Wildly seen as a key to support large-scale integration of renewable energy sources and low carbon technologies connected to low and medium voltage networks, microgrids (MGs) are expected to play a substantial role in reaching the UN’s goal of “sustainable energy for all”. They could be a building block of the centralized grid and foster the coupling of different energy sectors, facilitate demand-side management (DSM), or provide ancillary services, such as increased resilience or flexibility. Especially in Europe, MG technologies will support the recent clean energy legislation that requires creating electricity markets with “active customers/consumers and citizens” and “energy communities” [1][2][3][4].
However, internationally harmonized testing protocols and performance assessment guidelines for MG systems have yet to be defined. Challenging obstacles for a comprehensive MG performance assessment are fast evolving MG technologies, changing requirements for grid-connected and islanded operation, and a lack of standardization. Moreover, their associated performance levels and indicators are not commonly available. Nevertheless, customers need to be able to compare MG controllers and functionalities on a neutral basis. The benchmarking of MGs functions would serve as a guideline for energy communities and industrial applications. Contributing to the effort of establishing standardized assessments of MGs, this paper describes the existing testing requirements and possible performance indicators for the following MG concerns: reliability, including the transition between operation modes, network protection, power quality and ancillary services, as well as energy dispatch and cybersecurity. However, the impact of outages by maintenance or faults on the system performance is not directly addressed in this paper. Those outages as also special flexibility aspects and self-healing capacities after faults are partly covered by the reliability aspects. Moreover, alternating current (AC) MGs are the main focus of this work as they can directly be integrated into existing power networks, making them a midterm growing market in developed economies and thus requiring a rapid standardization to ensure a coherent deployment.
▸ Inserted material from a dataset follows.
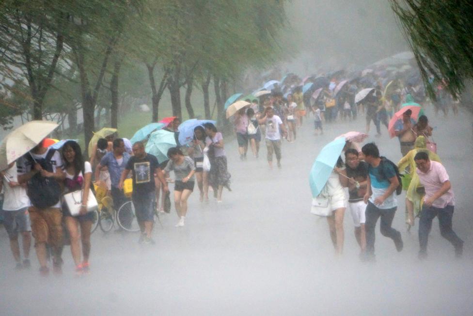 People hold umbrellas as Typhoon Soudelor approaches China's Zhejiang province,REUTERS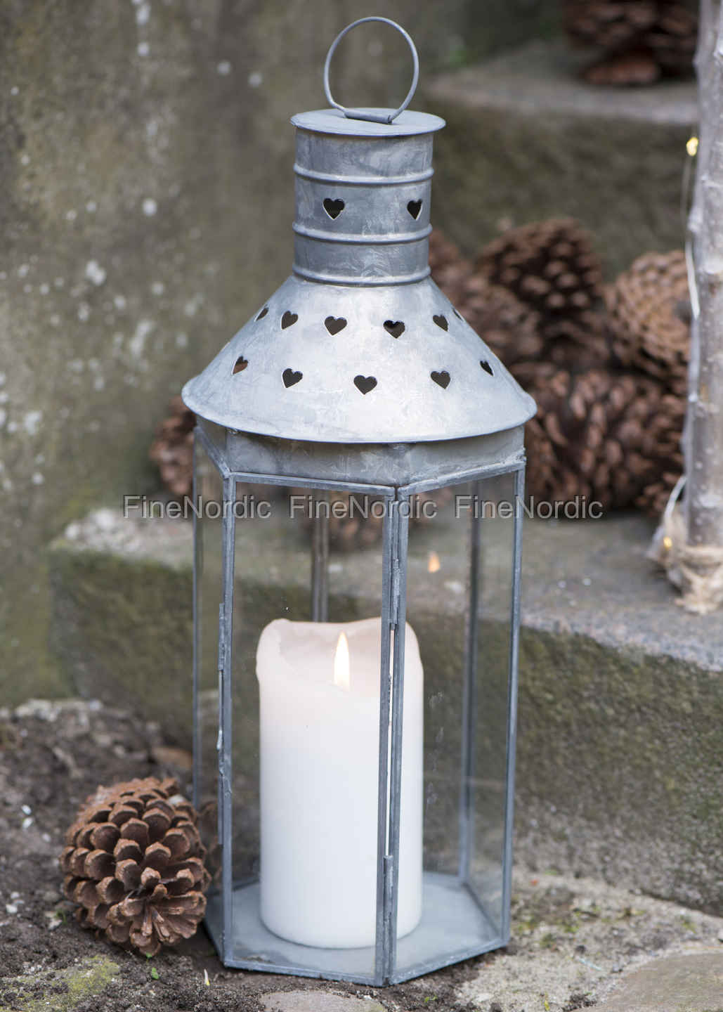 Laterne Herzmuster Grau H 36,5 cm, von Ib Laursen.

2. Microgrid and Benchmarking

2.1. Microgrid Objectives and Functions

Different MG definitions have been set within the Institute of Electrical and Electronics Engineers (IEEE) 2030.7 standard [5], the US Department of Energy report [6], the International Electrotechnical Commission (IEC) 60050-617 standard [7] and the CIGRÉ MG evolution roadmap [2]. By aggregating them, an MG can be defined as a group of loads and generators that operates as a single entity in grid-connected or islanded mode concerning the utility grid, as illustrated by Figure 1.
Figure 1. General microgrid schematic illustrating the interconnected (switch closed) and islanded (switch opened) operation modes. POI—point of interconnection; LV—low voltage; MV—medium voltage; HV—high voltage .
As detailed in [2], MGs have three main objectives: to provide an alternative to local energy service in terms of power quality and/or reliability, to enhance the usage of local energy assets and to interface the main grid with variable local sources and loads. These objectives can have different priorities or required quality levels depending on the use case. Critical infrastructures may prioritize reliability in terms of continuity of supply and cybersecurity, energy communities may prioritize usage of local generation and energy dispatch, and MGs with sensitive industrial or information communication technology (ICT) loads may prioritize power quality. However, while implementing those features, MGs are challenging in terms of operation and control, which requires appropriate standards and testing processes. Some of these challenges include stability issues, low inertia, bidirectional power flows and uncertainty [8][9].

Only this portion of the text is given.